The Good Muslim, The Marriage Plot and Go the F**k to Sleep are among the books literary publishing directors wish they had published themselves this year, with Other People's Money, What I Did and The Dovekeepers among those they had thought would make a bigger impact.
In a Guardian round-up of "Wishes and Misses", publishers including Jamie Byng, Suzanne Baboneau and Alexandra Pringle selected the titles they wish they had published, and those they did that they had higher hopes for. Among the reasons for books not catching a wider readership, the editors suggested variously a lack of support from booksellers, and the challenge of "pushing a backlist".
Pringle, editor-in-chief at Bloomsbury, selected Other People's Money by Justin Cartwright as her book which deserved better, saying: "It received outstanding reviews—the best, probably, he has every received—and it sold well. Yet not only was it not shortlisted for the Man Booker or Costa; it was not once mentioned in the press as one that should have been nominated." She selected Tahmina Anam's The Good Muslim (Canongate) and Louisa Young's My Dear I Wanted to Tell You (HarperCollins) as books she was "especially sad" not to get, having offered on them.
Viking publishing director Venetia Butterfield is hoping for bigger success in paperback for The German Boy by Patricia Wastvedt, and chose Belinda McKeon's Solace (Picador) and Jeffrey Eugenides' The Marriage Plot (Fourth Estate) as the titles she wished she had published.
For Nicholas Pearson, publishing director at Fourth Estate, it was The Information which should have got more attention, and Go the F**k to Sleep (Canongate) as the book he wished he had published: "I have recently had a baby. Been too tired to read much else."

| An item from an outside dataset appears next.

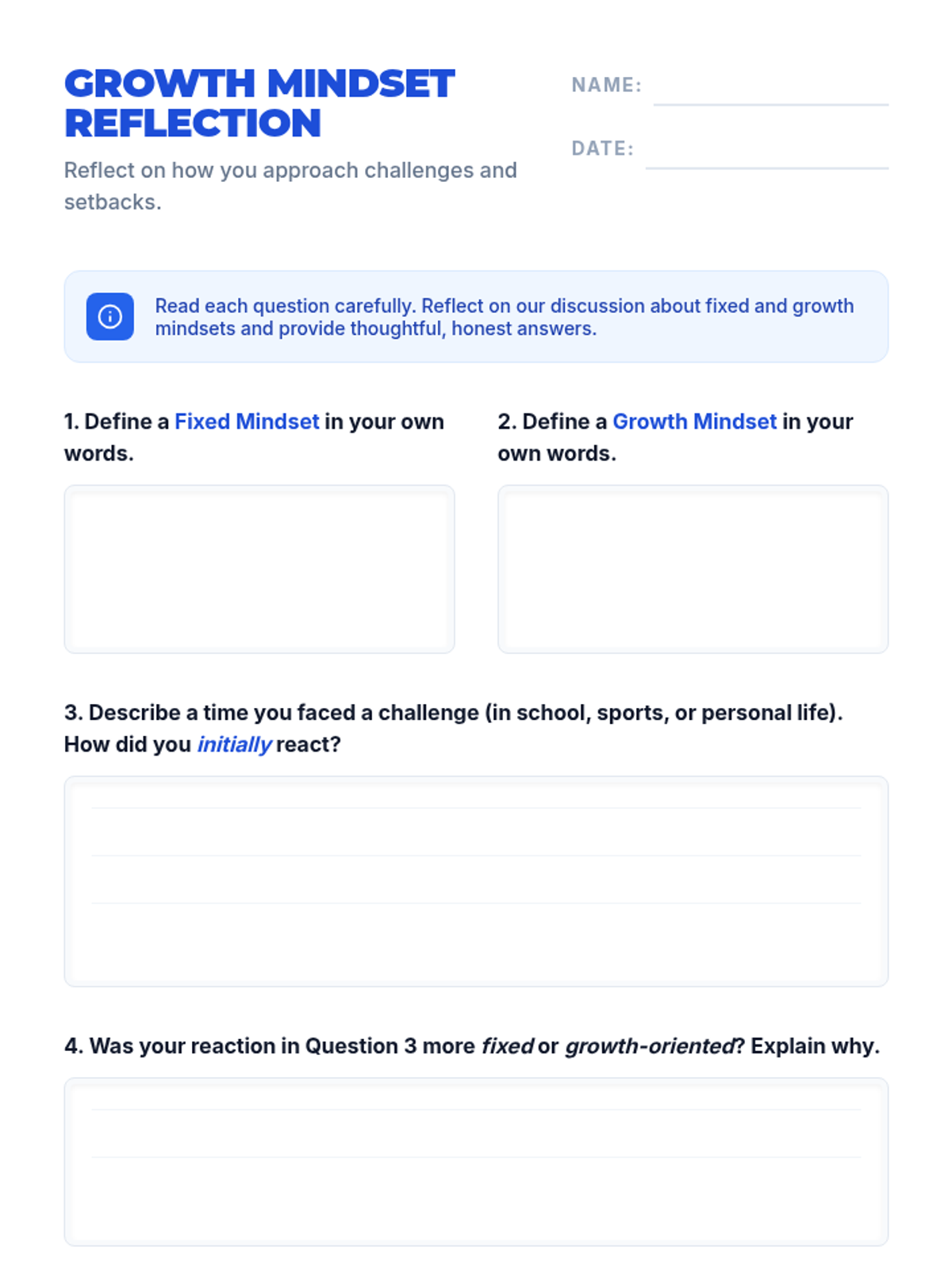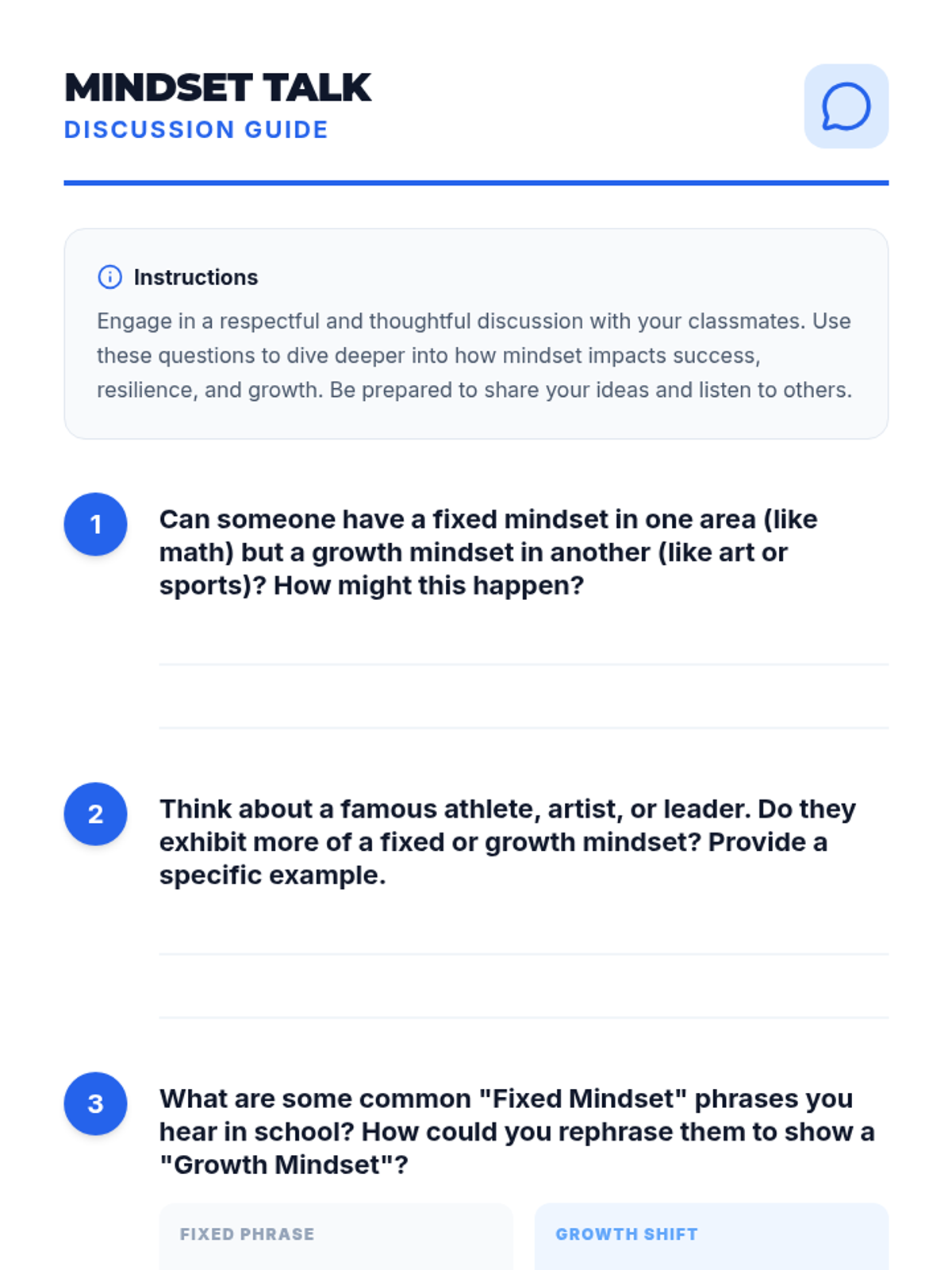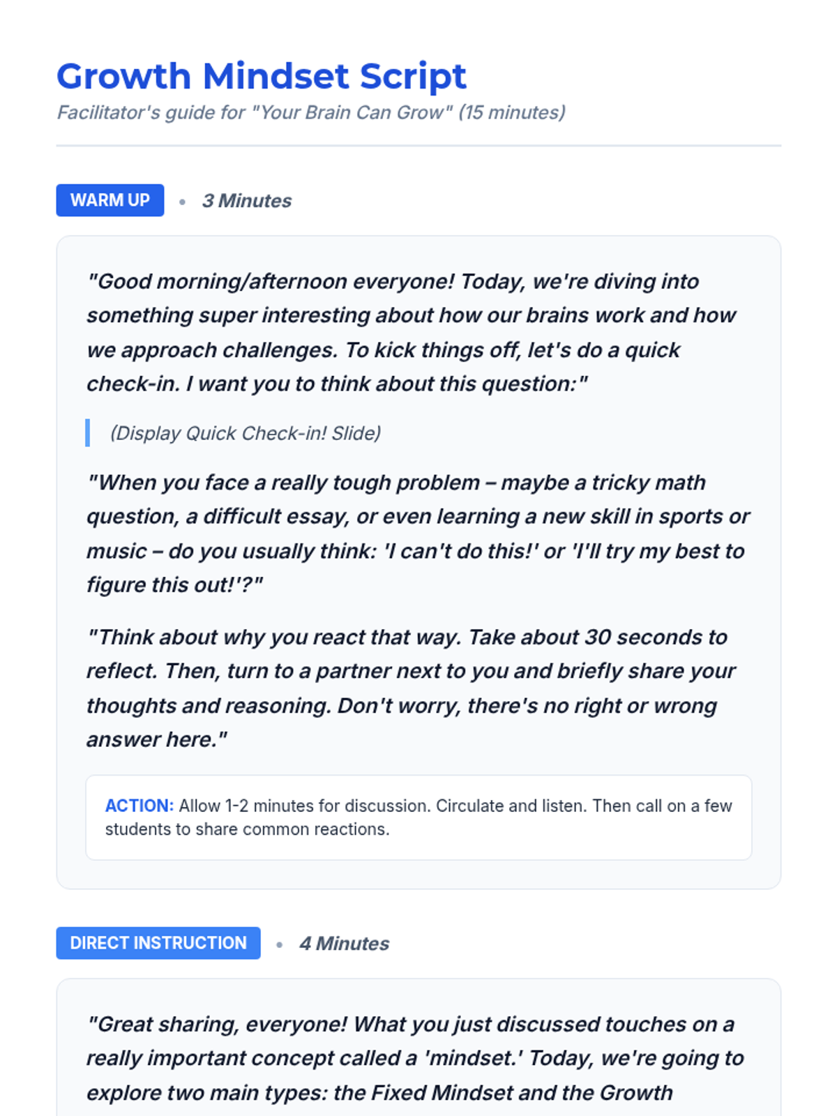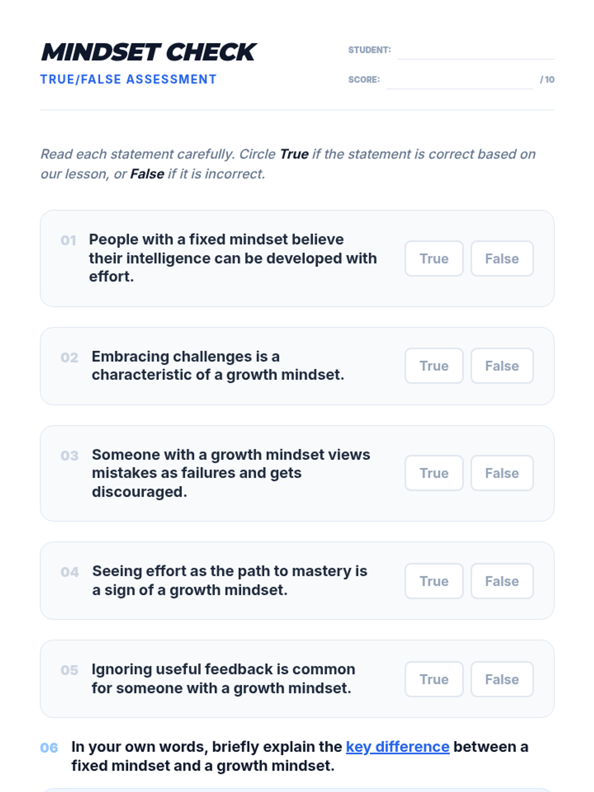 This 15-minute lesson introduces 9th-grade students to growth and fixed mindsets, teaching them that intelligence can be developed through effort and resilience. students engage in discussion, a card-sorting game, and reflective writing.

Corsair publisher James Gurbutt was the only editor to choose backlist titles as those he wished had received more attention, picking the reprints of four Ira Levin titles. He said: "Pushing a backlist these days without a film or TV adaptation is tough, regardless of quality." He pointed to Teju Cole's Open City (Faber) as the book he wished he had published: "It's rare to come across a novel as beautiful as this."
Meanwhile Allen Lane publishing director Simon Winder chose Britain's War Machine by David Edgerton as one he would have liked to have had a bigger readership, saying: "We even gave it a misleadingly jaunty cover. It got some great reviews, but didn't really connect with the large audience I thought it deserved." He chose The West End Front: The Wartime Secrets of London's Grand Hotels by Matthew Sweet (Faber) as his "miss".